Вотинцев смотрел на Финкельштейна и ждал объяснения.
— Я пояснил Белову, что мы едем во второй полк к Осипову, все выясним и позвоним оттуда в крепость.
Вотинцев кивнул:
— Ну что ж, едем...
Они направились к машинам.
— Может, подождем Лугина, — предложил Фоменко. — Вернется, расскажет.
На мгновенье задержались у автомобилей. Все-таки хотелось быть уверенными, что предстоящий шаг действительно необходим. Слова Фоменко вселили сомнение, заставили задуматься. Машины уже снова урчали, чуть подрагивая и густо чадя газом. Этот рокот торопил, а тут еще усилилась перестрелка. Винтовки защелкали на Романовской. Им ответили почти рядом, на Соборной улице.
Торопливо комиссары уселись в автомобили, уселись, тесно прижимаясь друг к другу. Моторы натужно загудели, зачихали, захлопали — старое все было, потрепанное. Поехали.
Мы, чтобы согреть лошадей, поскакали следом — человек десять — до угла Ирджарской. Наверное, надо было всем отрядом сопровождать комиссаров. А они поехали одни. Одни, веря в себя и в свои силы, считая человека, к которому направлялись, другом, верным товарищем по борьбе. Не знали, что спешат в логово зверя, едут на смерть...
В то время, как машины приближались ко второму полку, Лугин уже лежал на снегу. Мертвый. Только что прозвучали семь выстрелов, и он не успел ответить ни одним.
На всем скаку он подлетел к отделению милиции. Соскочил с коня и — на крыльцо. Ему надо было где-то рядом, за углом что ли, остановиться, присмотреться, прислушаться, уяснить, кто в отделении — свои ли. А потом уже действовать. А Лугин увидел у входа людей с оружием и — прямо на них.
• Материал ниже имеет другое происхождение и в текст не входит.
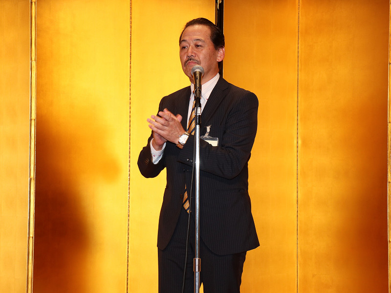 午後6時からは、会場を同じく明治記念館の2F「富士の間2」に移し、情報交換会の開演です。乾杯の音頭を取る弊社取締役部長の立川雅司。
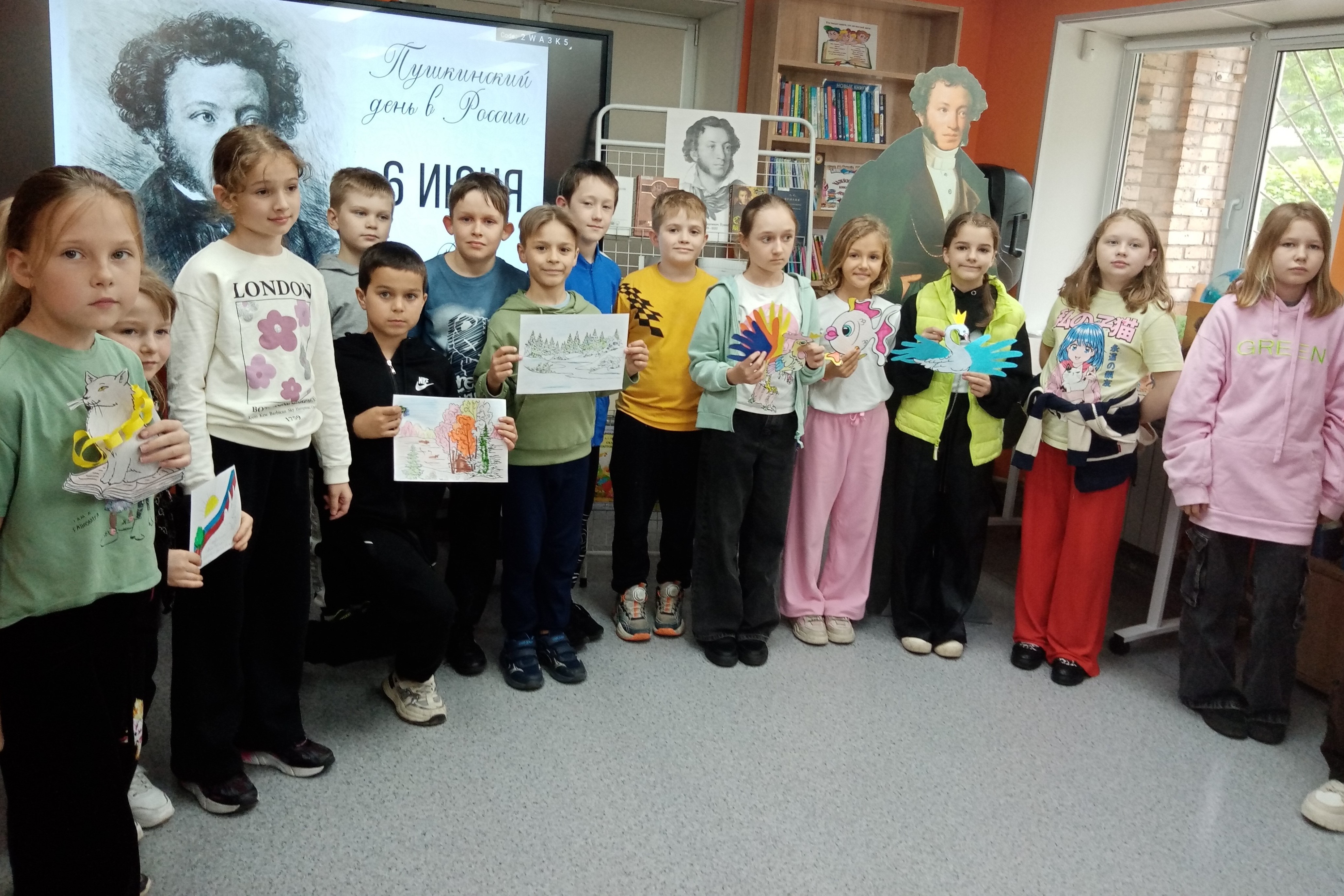 6 июня ребята из пришкольного лагеря школы № 6 пришли в детскую библиотеку № 5 поздравить Александра Сергеевича Пушкина с днём рождения. А каким же был мальчик Саша? Хорошо ли он учился? Сколько друзей у него было, когда он был ребёнком? Очень хотелось получить ответы на все эти вопросы… Ребята окунулись в атмосферу сказок и чудес! Они писали пером красивым почерком, как у Пушкина. Превращались в старика и рыбку, в самолюбивую царицу и волшебное зеркало, в комара и царевну лебедь. Отгадали викторину по сказкам и каждый нарисовал свой портрет Александра Сергеевича, каким он представился им теперь.

Смелостью, неожиданностью ошарашил. Впрочем, может, считал своими. Да и осторожность у нас тогда не в почете была. Шли навстречу врагу. Открыто.
Он вбежал в коридор — решительный, горячий. Ни искорки страха в глазах. Оттолкнув от двери какого-то молокососа в папахе и с винтовкой наперевес — дежурного что ли. Шагнул в кабинет начальника отделения. Он все же надеялся увидеть своего товарища. Думал, что работники отделения отбили нападение бандитов. Но за столом сидел пьяный офицерик и крутил ручку телефона. Он даже не поднял глаза на Лугина, считал, видно, что комиссар не может вот так просто объявиться перед ним.
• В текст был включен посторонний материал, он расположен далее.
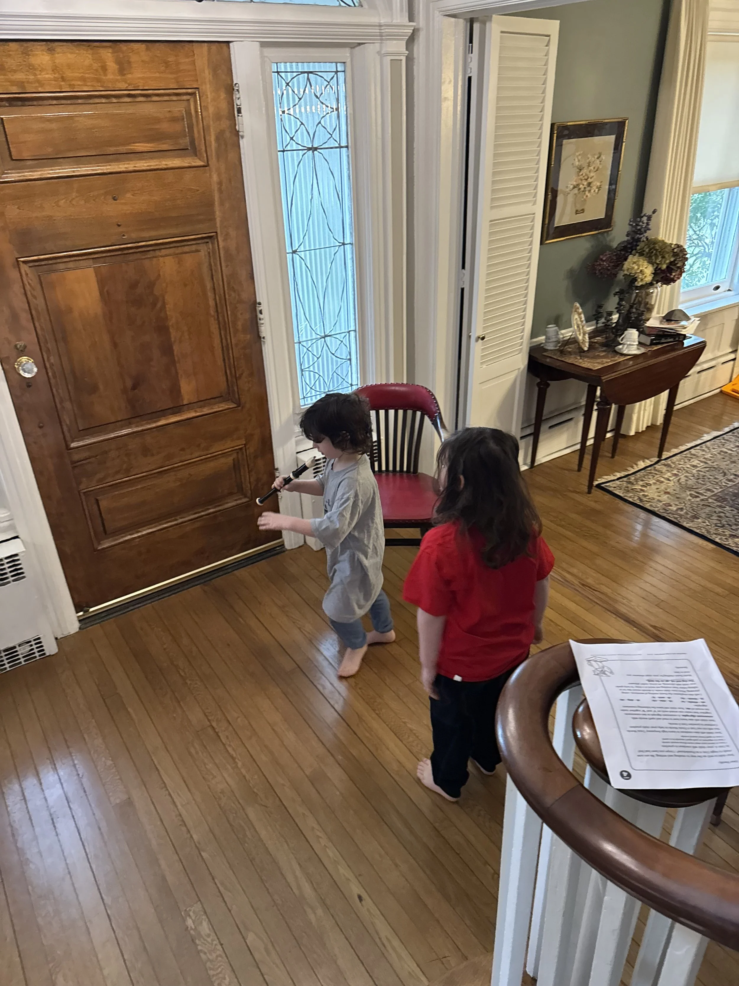 Presto! Just like that! Our grandchildren, Solly and Dizzy, are here from Ohio, spending the week with us in New Jersey, and they wanted a flute. Searching through their daddy’s desk drawers in his childhood bedroom this morning, they were as happy as larks when they found his recorder instrument he played when he was their age. We immediately used it in our marching parade around the house.
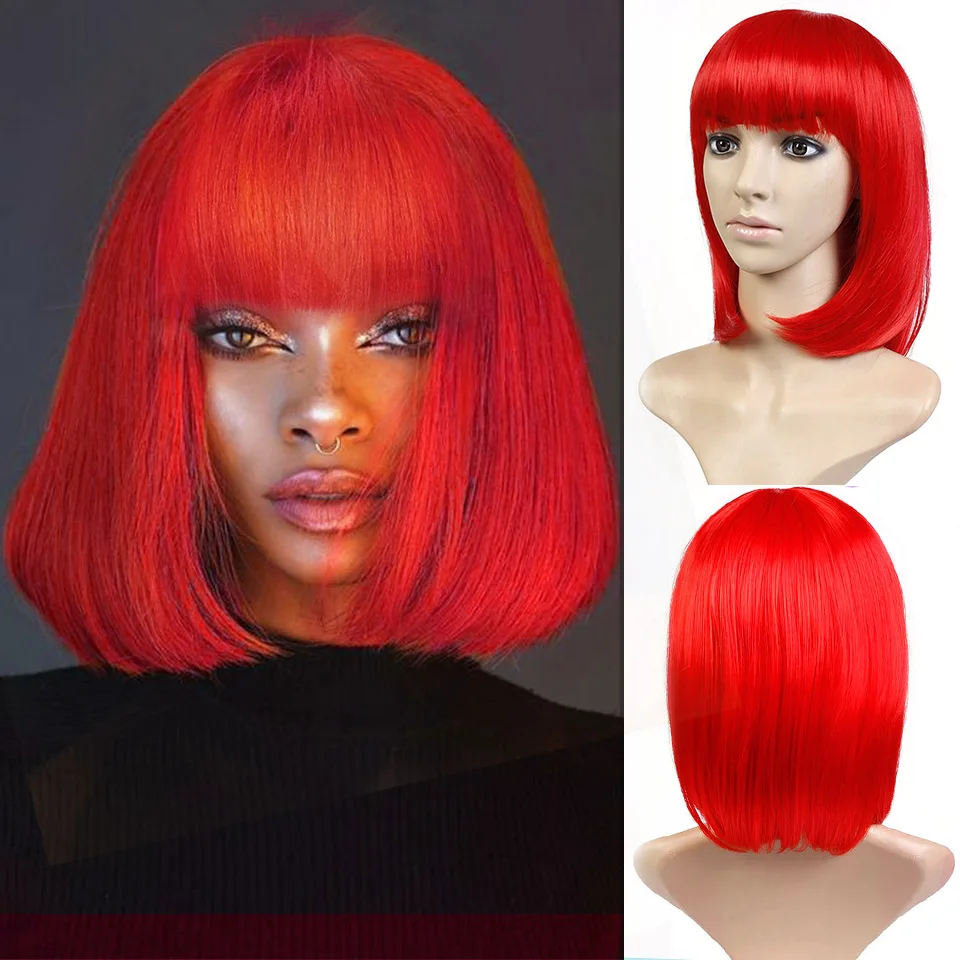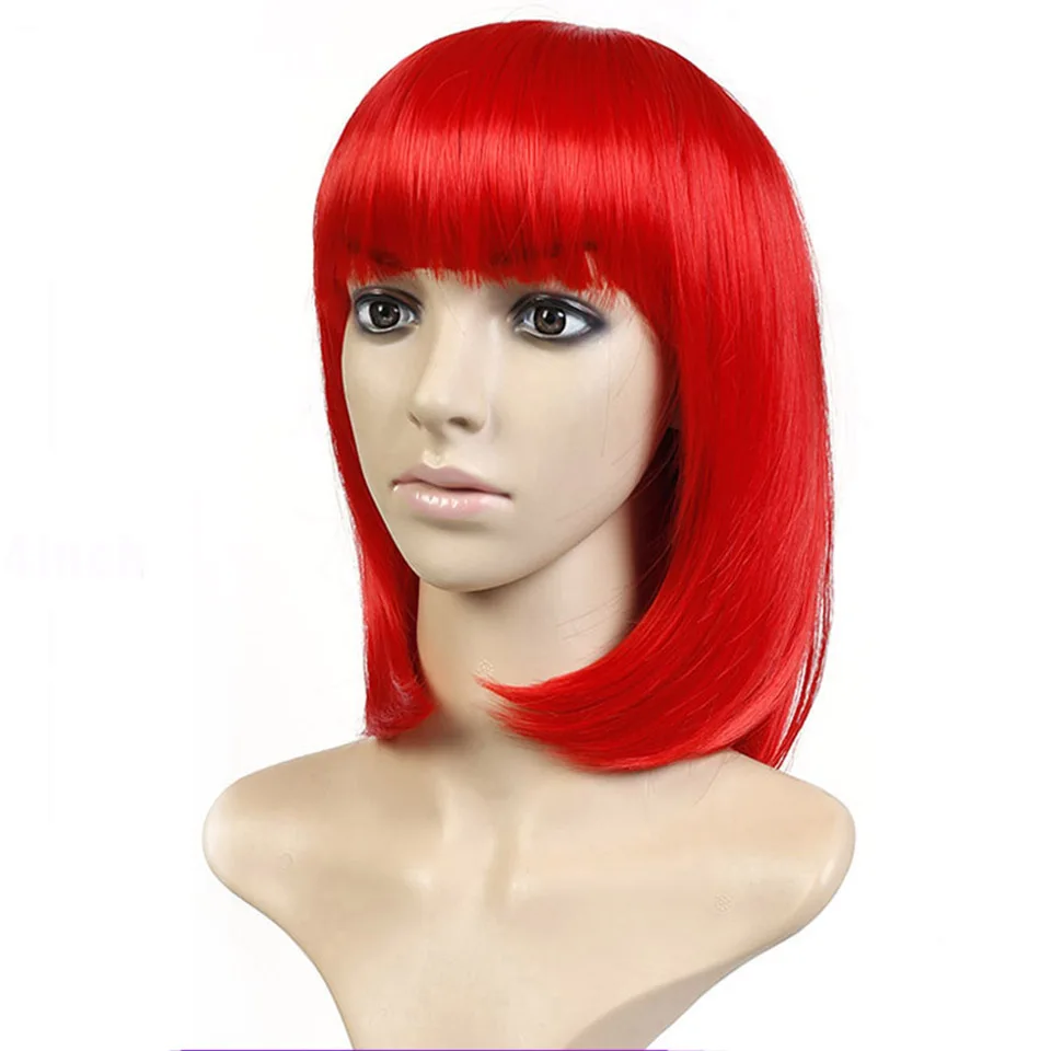 HOUYAN короткие прямые волосы челки синтетический парик термостойкий красный черный коричневый синий Вечеринка косплей для девочек
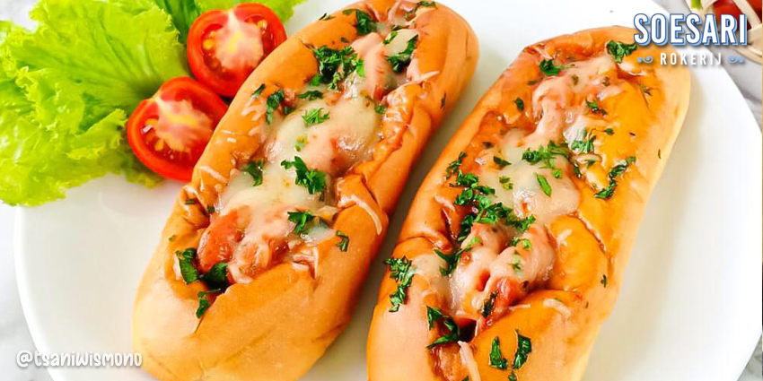 Taburkan garlic bread dengan sosis, tambahkan topping dengan keju mozzarella dan parsley. Kemudian panggang dalam suhu 180°C selama 5 menit sampai keju meleleh

— Встать, сволочь! — резанул Лугин грубо.
Теперь только офицерик повернул голову и увидел красную звезду на шапке Лугина. Увидел его глаза, полные гнева и решимости. Встал. Медленно встал, придерживаясь руками за кресло.
— Оружие на стол!
Офицер полез за спину, но не вынул нагана из кобуры. Не успел.
В коридоре раздался шум. Крикнул милиционер, что сопровождал Лугина. Дверь распахнулась, и человек десять кинулись на комиссара и сковали его руками со всех сторон.
— Наконец-то... — зашипел один из ворвавшихся. — Он, Лугин... Первая ласточка. — Повернулся к офицерику: — Звони в полк: взят помощник начальника охраны города. Везем...
Везем! Поторопился с докладом. В коридоре Лугин развернул плечи, троих откинул от себя. Двое висели на руках. Он ударил одного головой. Сбил. Второй отскочил сам, испугавшись могучего кулака комиссара.
Прыжком пересек небольшой коридорчик, вырвался наружу. Мороз. Ветер. Свобода. Теперь уже он не дастся врагам. Ни за что! Только где конь? Где товарищ? Лугин оглянулся. Вокруг чужие. Бегут с винтовками. Со штыками наперевес. В ярком лунном свете горит белыми кинжалами сталь. Он полез в карман за наганом. Пусто. Гады! Успели взять.
Тогда он повернулся и пошел на винтовки. Чтоб умереть сразу. Или сломить их. Не дали. Сзади навалились на Лугина. Придавили к земле. Вцепились в горло. Задыхающегося поволокли по снегу. Семеро тащили одного. Офицерик визжал:
— В полк его!
Повезли.
Мы проводили машины до угла Ирджарской. Остановились. Глянули вслед двум темным силуэтам, что торопились в сторону Воскресенского базара. Это последнее, что я запомнил из той встречи: заснеженная даль улицы и два громко рокочущих автомобиля. И в них товарищи наши. И еще — непрекращающиеся выстрелы в городе.
Вернулись. Цируль все ходил под окнами канцелярии. Меня удивляла его беспечность. Длинными ногами вымерял тротуар. И снег по-прежнему зло скрипел под сапогами. И ветер мотал полы его шинели.